Bike commuting is the intersection at which nearly all sub-genres of cyclists meet. There are no doubt people out there for whom bikes are solely a form of recreation or exercise. But, the vast majority of cyclists I know—whether they’re carbon-riding racers, retro-grouchy randonneurs, bureaucratic advocates, or something in between—like to ride their bikes to work or the store or around town whenever it’s possible. As such, commuting provides a common ground for bike riders that might otherwise never see eye-to-eye. We can all relate to the pleasure of a pre-work boost of endorphins, the fun of coasting down a long hill, and the selfish-satisfaction of cruising past a long-line of cars mired in inevitable evening traffic jams. We all know the frustration of getting cut off by a car racing to the next red light, the fear of a close call at the hands of a distracted driver, and the anger of being told to “get off the road.” The Enlightened Cyclist hinges on this collective experience as it explores the past, present, and future of commuting of all types in order to define the road to bike commuter bliss.
Eben Weiss’ (known to most as Bike Snob NYC) second book, The Enlightened Cyclist is modeled after a religious self-help book, albeit with tongue firmly planted in cheek throughout. Weiss’ goal is ostensibly to help all cyclists reach a state of commuter nirvana while using their bike to go about their daily businesses—something he readily admits he has not achieved with complete success. In order to build the case for the advice he offers, Weiss starts by taking the long view of the history of commuting and then draws on his experience as a commuter in New York City to examine the current state of commuting in America.

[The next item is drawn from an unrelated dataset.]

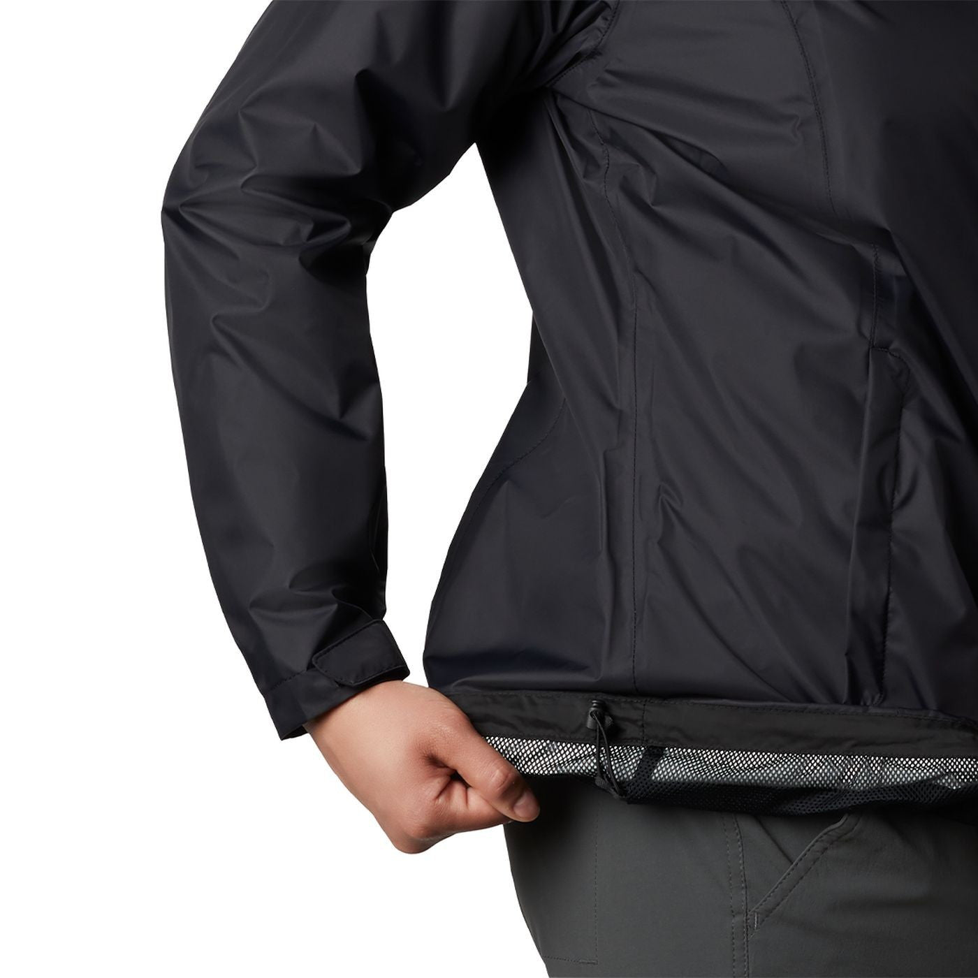 WATERPROOF With seam-sealed construction and a soft mesh lining, this jacket is waterproof and breathable. An adjustable storm hood and hem provides extra coverage. PACKABLE The jacket folds up into one of its own zip-up hand pockets for easy storage. Omni-Tech™ waterproof/breathable fully seam sealed Attached, adjustable storm hood Drawcord adjustable hem Zippered hand pockets Packable into hand pocket Center Back Length: 26" Uses: Trail Imported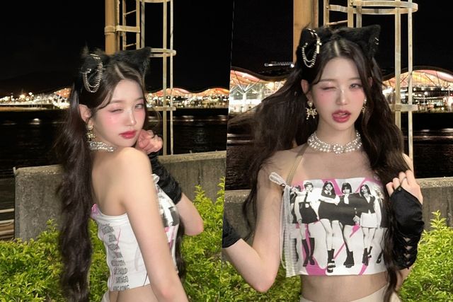 공연 차 홍콩을 찾은 장원영은 아이브 멤버들의 모습이 담긴 탱크톱 의상을 입고 홍콩 야경을 배경으로 사진을 찍고 있다. 특히 머리에 검은 고양이 귀 장식을 단 장원영은 요염한 자태로 감탄을 자아냈다.

The book’s history of commuting begins in the Garden of Eden (Weiss’ biblical-parody extends nearly cover-to-cover, with somewhat mixed success. It’s also worth noting that while he parodys the Bible’s structure and makes endless biblical analogies, you’d have to work hard to actually take offense). Adam and Eve’s expulsion from Eden marked the beginning of humanity’s commuter suffering. Weiss writes, “eating from the Tree of Knowledge was the Original Commuting Sin, and we’ve been paying for it ever since.” His history of commuting continues throughout the old and new testaments: forty years of wandering in the desert, Noah’s Arc (the birth of “humankind’s lust for gigantic vehicles”), Jesus’ arrival in Jerusalem by donkey, and Paul’s delivery of the epistles. Weiss continues his history through “The Olden Days” (The Crusades), the “Old School” period (17th century European explorers), and eventually makes his way to modern day.

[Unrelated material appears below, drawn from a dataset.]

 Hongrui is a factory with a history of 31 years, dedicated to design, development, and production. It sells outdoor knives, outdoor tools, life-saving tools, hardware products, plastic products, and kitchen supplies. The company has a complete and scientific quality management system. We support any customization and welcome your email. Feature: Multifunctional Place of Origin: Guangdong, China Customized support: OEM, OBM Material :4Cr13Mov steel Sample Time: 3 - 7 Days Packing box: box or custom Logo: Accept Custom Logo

The religious analogies wear thin at times during the long history of commuting, but it is nonetheless a humorous explanation as to why commuting makes us miserable so often. We’ve got (at least) 6,000 years of suffering as commuters bearing down on our subconscious. With history behind him, Weiss begins his examination of our modern state of commuting affairs. He looks at cyclist, driver, and pedestrian relations (including the awful things drivers do to cyclists, cyclists do to drivers, and that we all do to pedestrians). He talks about the ridiculous things bike commuters do around other bike commuters such as salmoning, shoaling, wheelsucking, and commute racing (summarized eloquently as the “anonymous dry humping of the cycling world”), and others. He examines the seemingly ever-present backlash against cycling and bikes-vs-cars meme that the media loves to espouse in tandem with any news related to bikes-as-transportation.
It is in his exploration of the current state of commuting that Weiss’ is at his best. He possesses a keen ability to articulate the absurdities of human interaction. The greatest BikeSnobNYC blog posts have always been the ones that deconstruct the ridiculous things human beings do and especially do to each other. In doing so, he is able to shed some light on why we do what we do, which in turn allows us to be understanding of our fellow humans for a little longer, before dismissing them as assholes.
When he looks at our modern commutes, Weiss deconstructs some of the myths surrounding bikes and cars. With that, he begins to make his compelling case that the better we understand our fellow commuters—bicyclists, drivers, and walkers alike—the happier we can all be. This is certainly not to say that we should all pretend everything is great all the time, even when it’s not. But instead, we should choose not to get “right up in someone’s face and [call] them a ‘cocksucker’” just because they inconvenienced us momentarily on our ride to work.
This understanding is only the start of the path to Enlightenment. Weiss spends the final section of the book laying out a how-to of sorts for being the happy and satisfied bike commuters we all ultimately want to be. Given that this is the crux of his book, I’ll spare you any spoilers. Instead I’ll just say, Weiss’ advice is practical, levelheaded, and sincere.
The Enlightened Cyclist is a demonstration of Weiss’ maturation as an author. His first book Bike Snob was funny and at times poignant, but ultimately reads like a disjointed collection of blog posts that sometimes suffered from its excess of extended-metaphors. The Enlightened Cyclist is very much a cohesive book (and one that mostly reins in those really-extended metaphors) and provides valuable insight to and understanding of the often-crazy world of bike commuting in America.